Mirrorlands is a journey through space and time to the meeting points of Russia and China, the world's largest and most populous countries. Charting an unconventional course southeast through Siberia, Inner Mongolia, the Russian Far East and Manchuria, anthropologist and linguist Ed Pulford sketches a rich series of encounters with people and places unknown not only to outsiders, but also to most residents of the capital cities where his journey begins and ends. What Russia and China have in common goes much deeper than their status as authoritarian post-socialist states or perceived menaces to Western hegemony. Their shared history can only fully be appreciated from an intimately local, borderland perspective. Along remote roads, rivers and railways, in cosmopolitan cities and indigenous villages of the northeast Asian frontiers, Pulford maps the strikingly similar ways in which these two vast empires have ruled their Eurasian domains, before, during and after socialism. With great cultural nuance, Mirrorlands thoughtfully evokes the diverse daily interactions between residents of the Russia-China borderlands, and their resulting visions of "Europe" and "Asia." It is a vivid portrait of centuries of cross-border encounter, mimicry and conflict, key to understanding the global place and identity of two leading world powers.

Cars

Cars
Author: Brendan Cormier,Elizabeth Bisley
Publsiher: Victoria & Albert Museum
Total Pages: 0
Release: 2019-11-19
Genre: Transportation
ISBN: 1851779671

Download Cars Book in PDF, Epub and Kindle

"Published to accompany the exhibition 'Cars: accelerating the modern world' at the Victoria and Albert Museum, London, from 23 November 2019 to 19 April 2020"--Title page verso

We Have Never Been Modern

We Have Never Been Modern
Author: Bruno Latour
Publsiher: Harvard University Press
Total Pages: 172
Release: 2012-10-01
Genre: Science
ISBN: 9780674076754

Download We Have Never Been Modern Book in PDF, Epub and Kindle

With the rise of science, we moderns believe, the world changed irrevocably, separating us forever from our primitive, premodern ancestors. But if we were to let go of this fond conviction, Bruno Latour asks, what would the world look like? His book, an anthropology of science, shows us how much of modernity is actually a matter of faith. What does it mean to be modern? What difference does the scientific method make? The difference, Latour explains, is in our careful distinctions between nature and society, between human and thing, distinctions that our benighted ancestors, in their world of alchemy, astrology, and phrenology, never made. But alongside this purifying practice that defines modernity, there exists another seemingly contrary one: the construction of systems that mix politics, science, technology, and nature. The ozone debate is such a hybrid, in Latour’s analysis, as are global warming, deforestation, even the idea of black holes. As these hybrids proliferate, the prospect of keeping nature and culture in their separate mental chambers becomes overwhelming—and rather than try, Latour suggests, we should rethink our distinctions, rethink the definition and constitution of modernity itself. His book offers a new explanation of science that finally recognizes the connections between nature and culture—and so, between our culture and others, past and present. Nothing short of a reworking of our mental landscape, We Have Never Been Modern blurs the boundaries among science, the humanities, and the social sciences to enhance understanding on all sides. A summation of the work of one of the most influential and provocative interpreters of science, it aims at saving what is good and valuable in modernity and replacing the rest with a broader, fairer, and finer sense of possibility.

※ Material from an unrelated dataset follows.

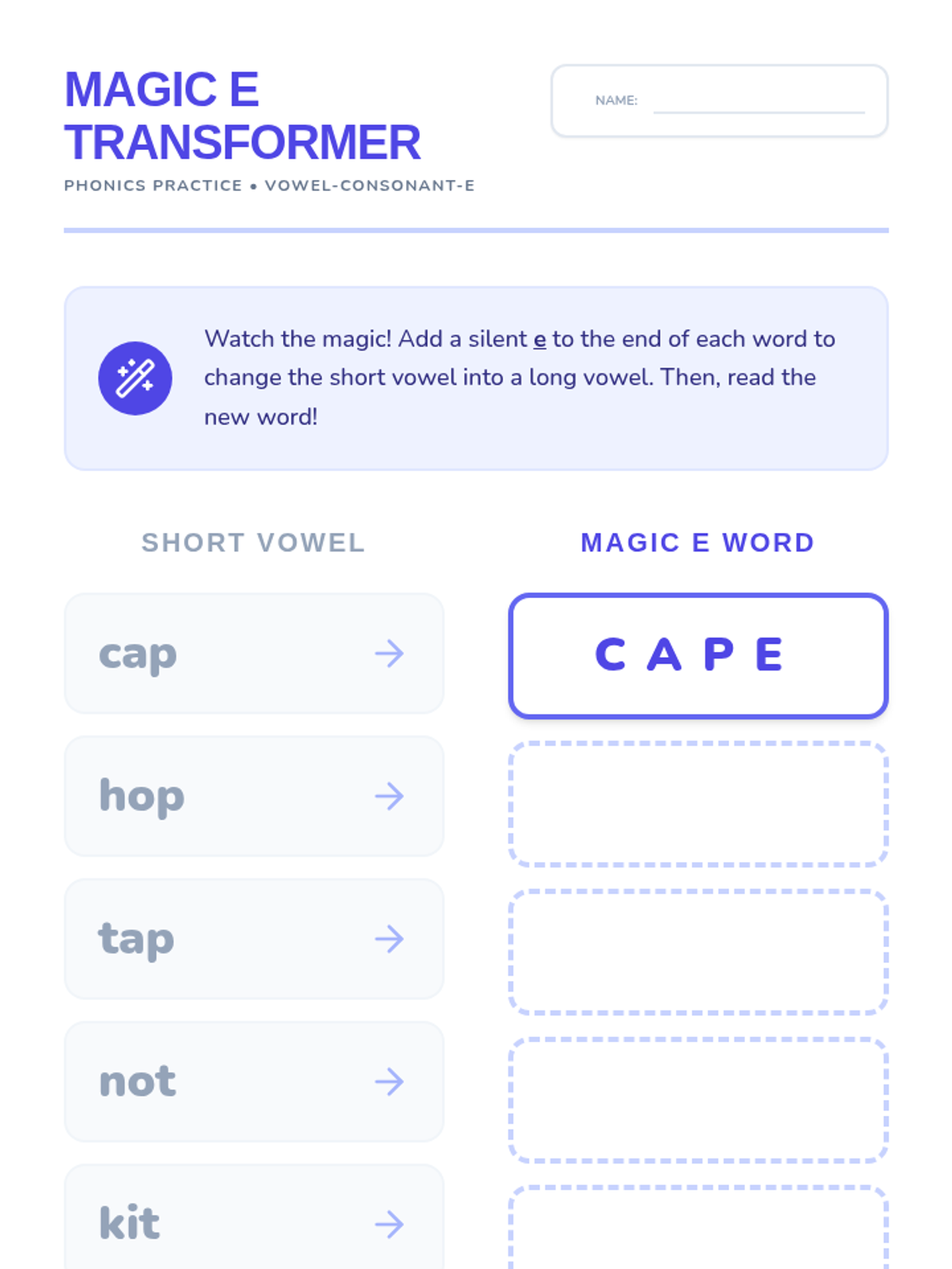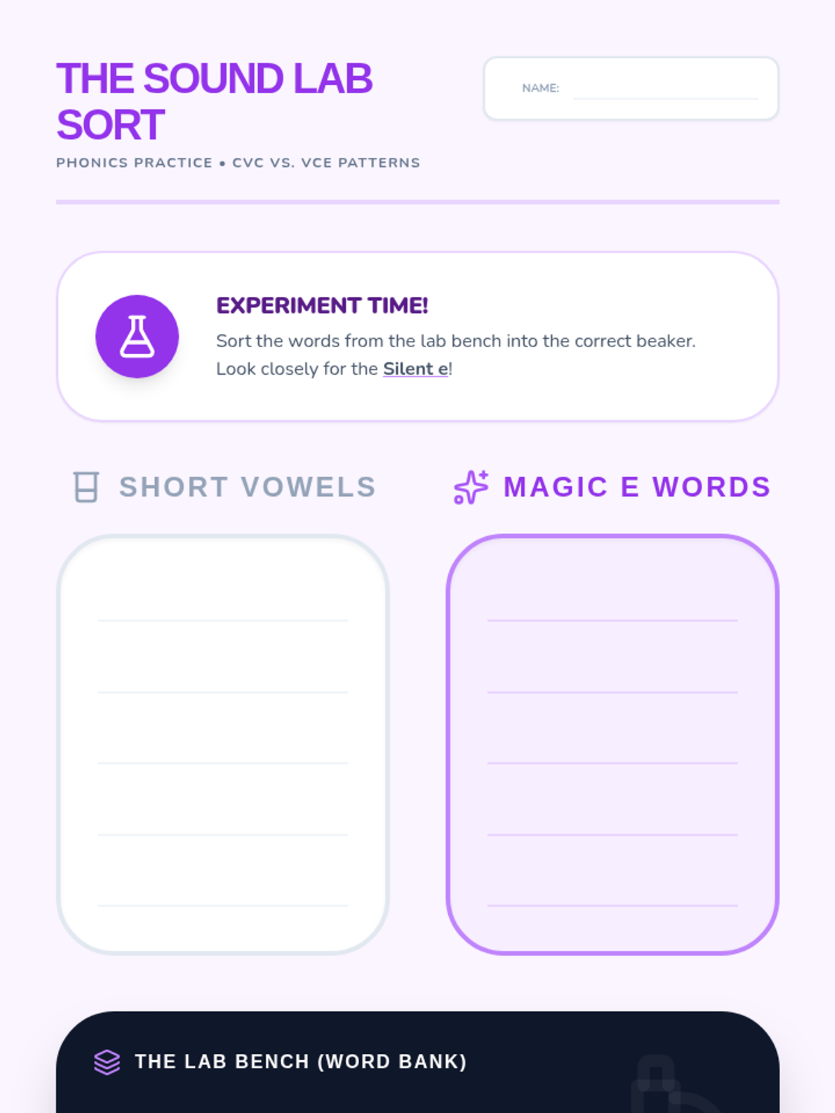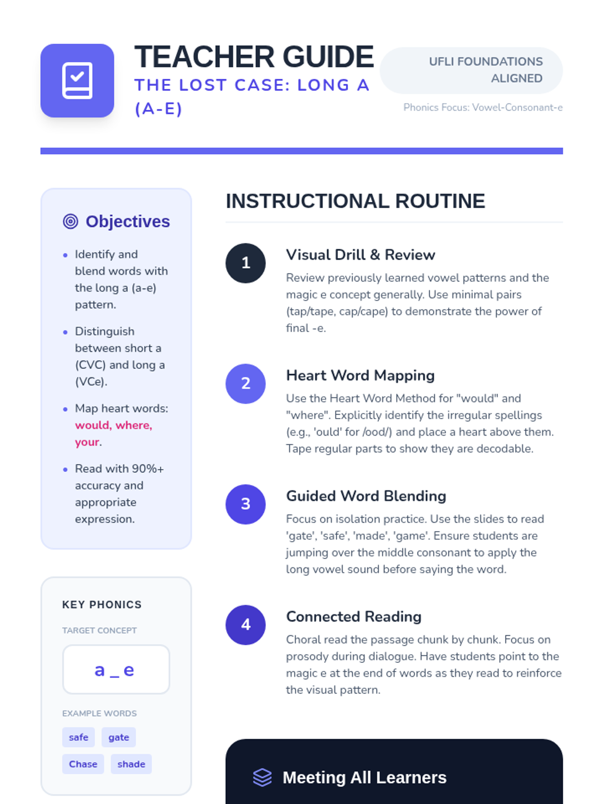 Focuses on discriminating between short /a/ (CVC) and long /a/ (VCe) patterns through phoneme-grapheme mapping and targeted decoding of an encrypted message text.

All that is Solid Melts Into Air

All that is Solid Melts Into Air
Author: Marshall Berman
Publsiher: Verso
Total Pages: 388
Release: 1983
Genre: History
ISBN: 0860917851

Download All that is Solid Melts Into Air Book in PDF, Epub and Kindle

The experience of modernization -- the dizzying social changes that swept millions of people into the capitalist world -- and modernism in art, literature and architecture are brilliantly integrated in this account.